2019年4月1日月曜日

AIを用いたリバースエンジニアリング

とにかく世の中はAI(人工知能)ブームである.たしかにAIはこれからの未来において大活躍することは間違いない.人間社会にも大きな影響を与えるだろう.ただ猫も杓子もとびつくというのはいかがなものかと思ってしまうのも実感である.

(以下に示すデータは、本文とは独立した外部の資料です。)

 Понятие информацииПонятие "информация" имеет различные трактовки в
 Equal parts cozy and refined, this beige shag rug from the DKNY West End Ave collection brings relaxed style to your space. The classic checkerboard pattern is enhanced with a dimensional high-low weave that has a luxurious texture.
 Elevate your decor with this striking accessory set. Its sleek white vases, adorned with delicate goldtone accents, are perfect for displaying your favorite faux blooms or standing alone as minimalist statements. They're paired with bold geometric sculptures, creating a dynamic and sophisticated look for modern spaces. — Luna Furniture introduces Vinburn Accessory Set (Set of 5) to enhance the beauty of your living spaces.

しかし,先日もAIを利用して昔の白黒写真に色をつけてカラー写真のようにするという技術が紹介されているのをテレビでみた.何千枚もの写真をつかって学習させたのだという.白黒写真というのは本来カラー写真に比べ,情報が不足しているのである.その足りない情報を推測して補ってしまうというところがすごい.たとえばこれを画像のモザイク外しなどに応用してみるとする.画像でモザイクがかかっていても,その中身を推定されてしまうのであれば,プライバシーの保護などずいぶん怪しくなってくる.音声についても同様で,「音声は変えてあります」などと表示されても本来の声を推測されてしまうのである.その上,AIによって推定された情報が正しいとも限らない.どこまで本物に近いのかを評価することは難しい.しかし,人はそのAIが推測した画像を本物だと信じてしまい,誤った判断を下す危険性もあるのである.

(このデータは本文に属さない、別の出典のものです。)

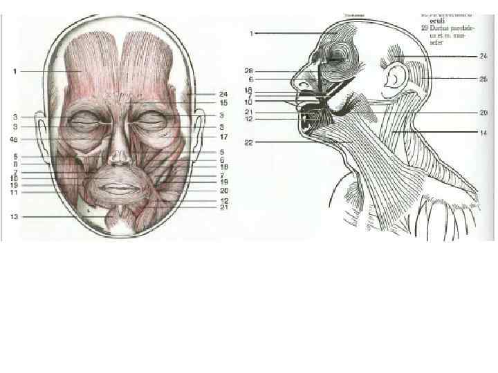 Отличия мимической мускулатуры от жевательной 1. Не имеет фасций 2. Иннервация VII парой черепных нервов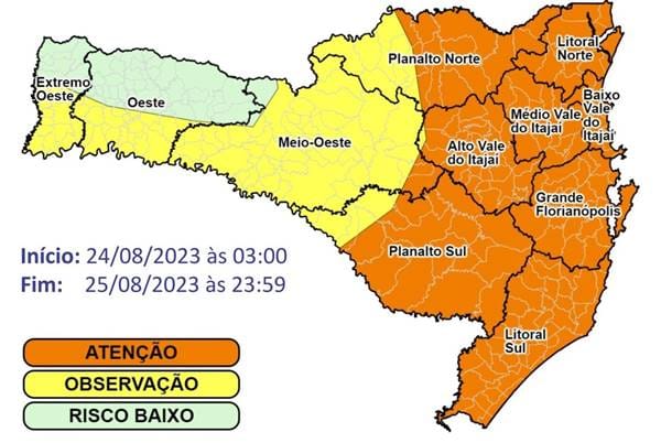 Nas regiões em laranja (mapa acima), o risco é alto para ocorrências associadas a destelhamentos, danos a rede elétrica, queda de árvores e alagamentos pontuais, moderado nas áreas em amarelo e baixo nas áreas em verde.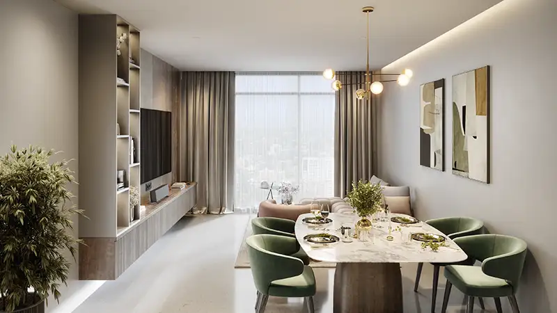 - Premium selection of studios, 1 and 2-bedroom apartments, designed to redefine affordable luxury living through refined architecture.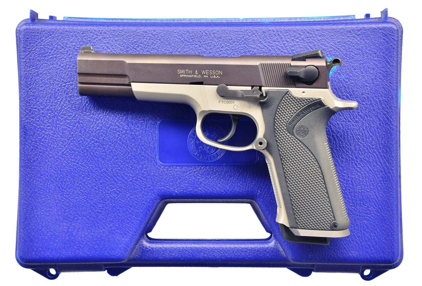 Cal. 40 S&W. S# FTC0001. Bbl. 5" match grade. Mfg. 1997 by Performance Center division of S&W for RSR Distributors as special Model 4006 having product code of 170091; shipped July 17, 1997. Only 150 units produced & numbered FTC00001-FTC00150; this is # 1. Tritium front sight & 2 dot Novak's windage adjustable rear. Matte stainless frame w/ checkered front strap; high cut under trigger guard. One piece checkered black plastic grip w/ integral mag. well funnel. Box cut frame & slide rails for full contact to end of dust cover. Matte blued carbon steel slide balanced for better muzzle control. Ambidextrous safety, extended & enlarged mag. release plus lightweight spur hammer. MAGS: 2 factory 10 rd. w/ extended black plastic bases & yellow followers. UNATTACHED ACCESSORIES: factory letter verifying above info plus matching numbered blue plastic factory case w/ paperwork. CONDITION: all aspects (including bore) near excellent appearing new & unfired. PROVENANCE: Estate collection of Fred Inganamort. (22-1551/NW). MODERN. $1,000-1,500.
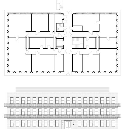 Die Variabilität im Inneren des Gebäudes entspricht dem rationalen Ausdruck der Fassade.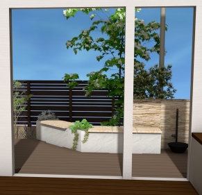 緑のあるデッキテラスを素材やカラーのコーディネートでより魅力的に(世田谷区W様邸)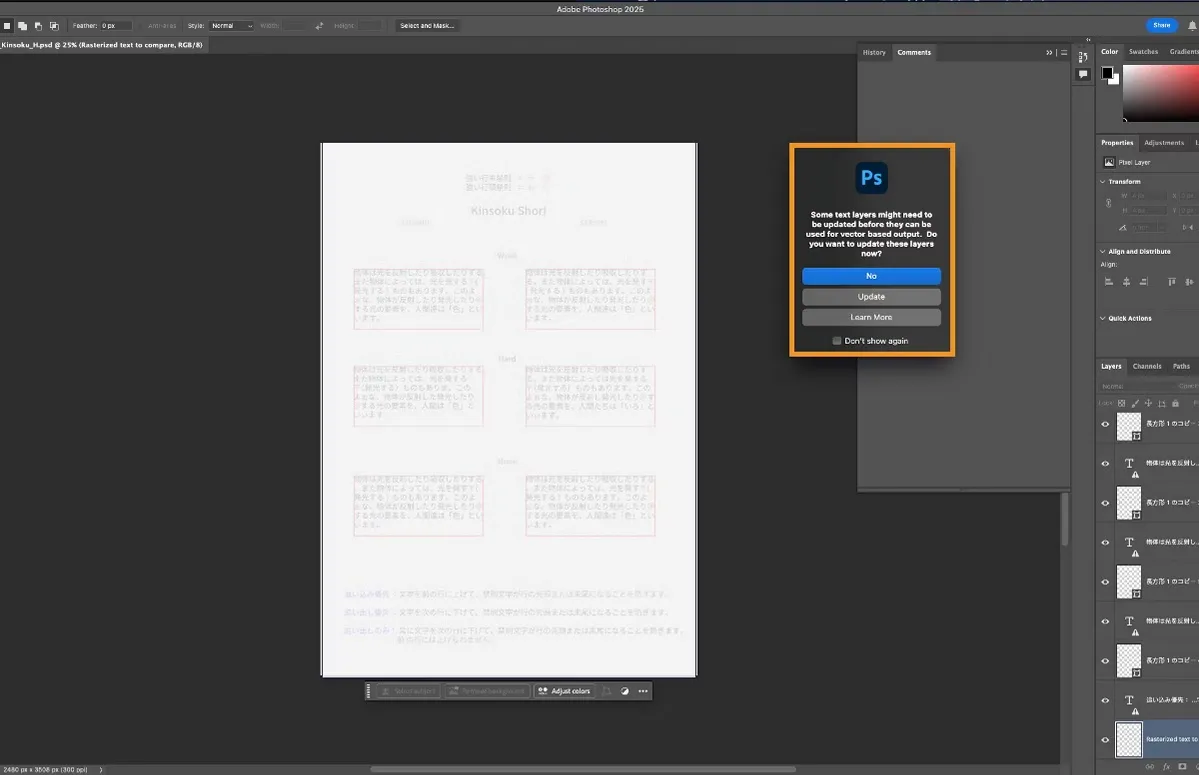 更新文字圖層以利向量輸出,使中文、日文和韓文的文字呈現更銳利、精準。 這也能在開啟以不同Photoshop 版本或不完全一致字體建立的檔案時,提升精準度。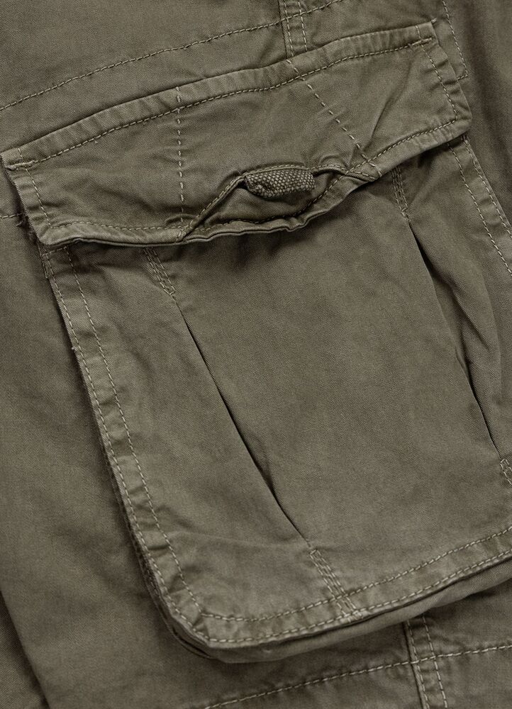 - dwie naszyte duże kieszenie z klapami na nogawkach

欠落している情報を入手できる情報から推定するということができるのであれば,これをリバースエンジニアリングで使用しようとする試みもすでになされている.たとえば,パワーエレクトロニクス分野のPWMインバータ.これは直流の電気を交流に変換し,その出力波形を正弦波に近づけようとするものだけれど,正弦波に近づくのは50Hzあるいは60Hzの周波数が中心で,PWM波形にはそれよりもずっと高い周波数成分が含まれている.この高い周波数成分はLow Pass Filterによって通常はカットされてしまうのだけれど,完全に除去されるのではなくわずかながら出力波形に含まれてしまう.これらの含まれ方は回路方式や制御方式によって特徴をもつから,これらを検出し,AIで推測させると,PWMの手法の推定だけでなく,内部の回路構成,スナバの定数までもわかってしまうというのである.この技術を用いれば,回路を密閉してわからないようにしても非破壊で内部を推測できてしまうのであるから,主要な技術が容易に盗まれてしまうのである.

このようにAIによる推測というのは,本来隠すべき部分でさえ明らかにしてしまう恐れがある技術なのである.こうした技術が確立されてしまうと世界が大きく変わってしまう可能性さえある.